ISSLS PRIZE IN CLINICAL SCIENCE 2019: clinical importance of trunk muscle mass for low back pain, spinal balance, and quality of life-a multicenter cross-sectional study.

Eur Spine J 2019 05 6;28(5):914-921. Epub 2019 Feb 6.

Department of Orthopaedic Surgery, Osaka City University Graduate School of Medicine, 1-4-3 Asahimachi, Abeno-ku, Osaka, 545-8585, Japan.

Study Design: A multicenter cross-sectional study.

Objectives: To clarify the relationship of trunk muscle mass with low back pain, spinal sagittal balance, and quality of life. Few reports have investigated the relationship of trunk muscle mass with lumbar spine function and spinal balance, and the clinical significance of trunk muscle mass remains unclear.

Methods: Patients attending spinal outpatient clinics at 10 different medical institutions were enrolled in this study.

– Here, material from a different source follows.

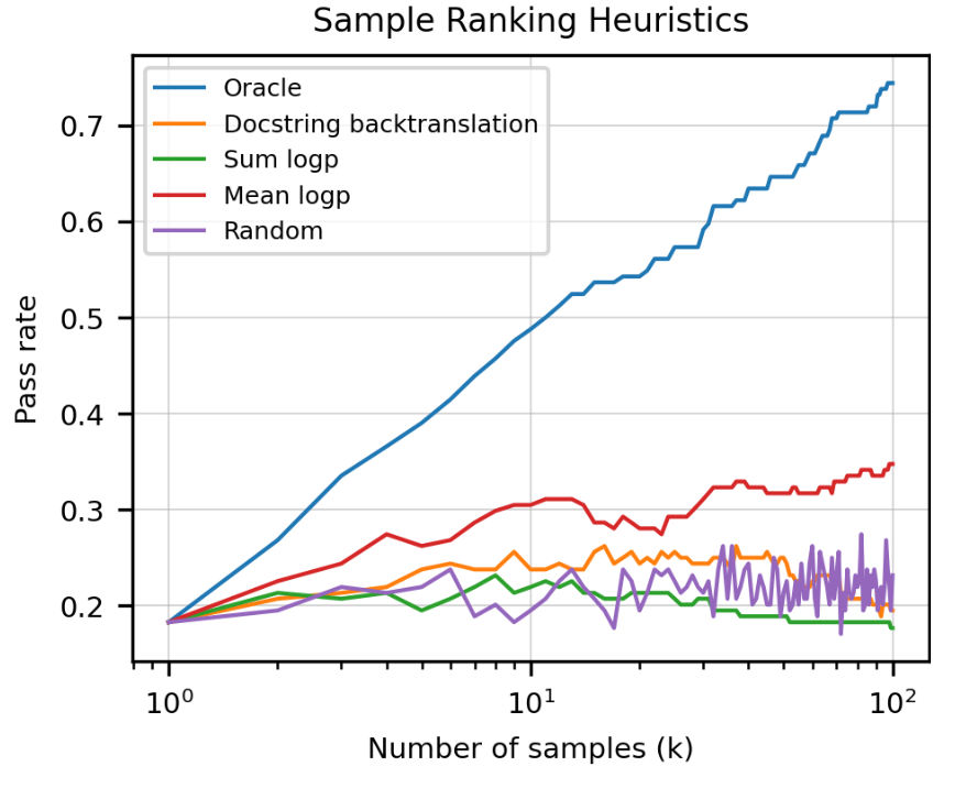 마지막으로 실용적 관점에서 중요한 문제가 남았다. 100개의 코드를 생성했는데 사용자에게는 1개만 보여줘야 한다면 어떤 것을 선택해야 할까? 세 가지 전략을 비교했다. 첫째는 무작위 선택으로 성능이 약 20%였다. 둘째는 “신탁(oracle)” 전략으로 모든 샘플을 테스트해 통과하는 것을 선택하는 방식이다. 약 72%의 성능을 보였지만 현실적으로 불가능했다. 테스트가 항상 있는 것도 아니고 100개를 다 실행하는 것도 비현실적이기 때문이다.

Patient demographics, trunk muscle mass and appendicular skeletal muscle mass (ASM) measured by bioelectrical impedance analysis (BIA), body mass index (BMI), Charlson Comorbidity Index (CCI), the Oswestry Disability Index (ODI), visual analog scale (VAS) for low back pain, sagittal vertical axis (SVA), and EuroQol 5 Dimension (EQ5D) score were investigated. Multivariate nonlinear regression analysis was used to investigate the association of trunk muscle mass with the ODI, VAS score, SVA, and EQ5D score.

Results: Of 2551 eligible patients, 1738 (mean age 70.2 ± 11.0 years; 781 men and 957 women) were enrolled. Trunk muscle mass was significantly correlated with the ODI, VAS score, SVA, and EQ5D score (P < 0.001) when adjusted for age, sex, BMI, ASM, CCI, and history of lumbar surgery. Patient deterioration was associated with a decrease in trunk muscle mass, and the deterioration accelerated from approximately 23 kg.

Conclusions: Trunk muscle mass was significantly associated with the ODI, VAS score, SVA, and EQ5D score. Trunk muscle mass may assume an important role to elucidate and treat lumbar spinal dysfunction and spinal imbalance. These slides can be retrieved under Electronic Supplementary Material.